Work task =>
Your answer should hold exactly the lines below from the line with "まず、目が見えない状態での「" through the line with "Enmantequillar la lata", both included, and no pictures at all.

Supplied records =>
BEGIN
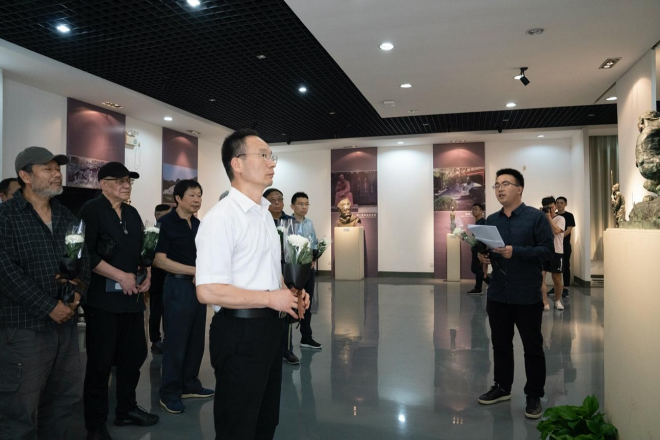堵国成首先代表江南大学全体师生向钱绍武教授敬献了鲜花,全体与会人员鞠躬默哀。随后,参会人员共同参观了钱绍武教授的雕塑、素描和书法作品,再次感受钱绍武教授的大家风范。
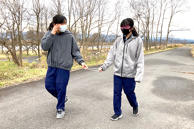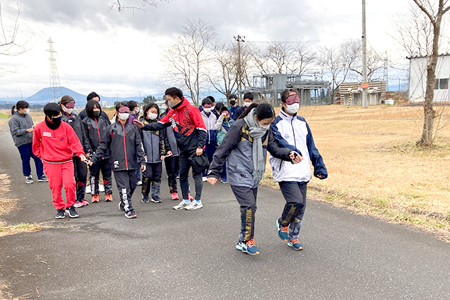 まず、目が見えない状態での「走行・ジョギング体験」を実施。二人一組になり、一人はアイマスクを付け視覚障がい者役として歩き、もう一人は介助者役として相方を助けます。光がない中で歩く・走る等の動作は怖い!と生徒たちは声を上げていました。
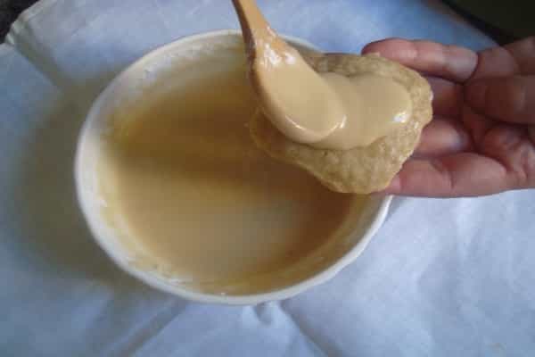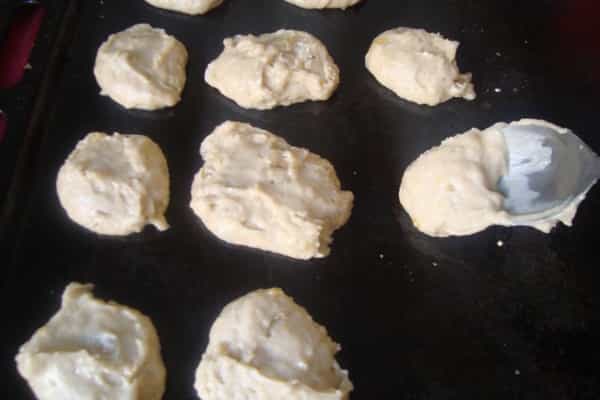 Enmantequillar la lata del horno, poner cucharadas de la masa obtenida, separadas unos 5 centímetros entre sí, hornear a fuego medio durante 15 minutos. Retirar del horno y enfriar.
END
BEGIN
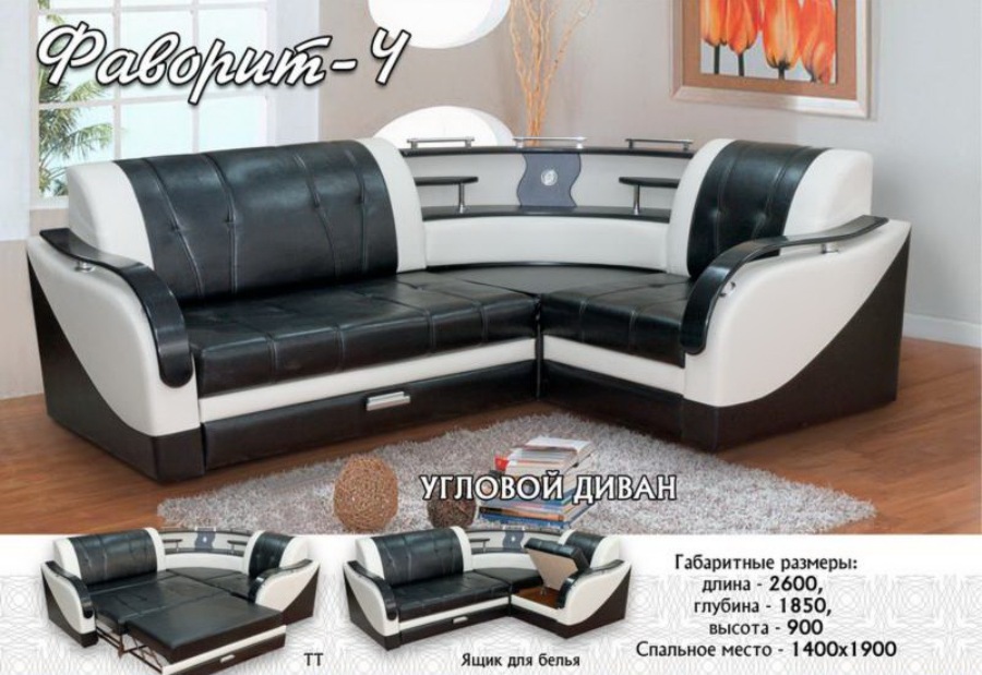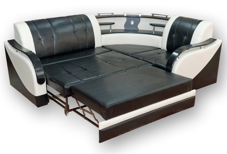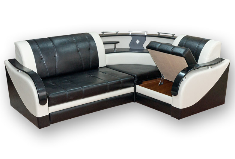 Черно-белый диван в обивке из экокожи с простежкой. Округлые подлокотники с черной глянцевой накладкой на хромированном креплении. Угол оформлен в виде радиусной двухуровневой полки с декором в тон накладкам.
END
BEGIN
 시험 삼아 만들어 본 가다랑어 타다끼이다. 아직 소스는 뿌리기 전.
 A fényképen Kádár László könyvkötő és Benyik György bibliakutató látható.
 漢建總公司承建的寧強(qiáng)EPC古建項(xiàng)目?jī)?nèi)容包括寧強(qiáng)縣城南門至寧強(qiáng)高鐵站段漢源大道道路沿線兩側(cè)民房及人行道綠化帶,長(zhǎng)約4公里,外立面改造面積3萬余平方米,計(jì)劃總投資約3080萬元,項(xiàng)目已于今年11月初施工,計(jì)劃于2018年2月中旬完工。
END
Reply to the exercise =>
 まず、目が見えない状態での「走行・ジョギング体験」を実施。二人一組になり、一人はアイマスクを付け視覚障がい者役として歩き、もう一人は介助者役として相方を助けます。光がない中で歩く・走る等の動作は怖い!と生徒たちは声を上げていました。
 Enmantequillar la lata del horno, poner cucharadas de la masa obtenida, separadas unos 5 centímetros entre sí, hornear a fuego medio durante 15 minutos. Retirar del horno y enfriar.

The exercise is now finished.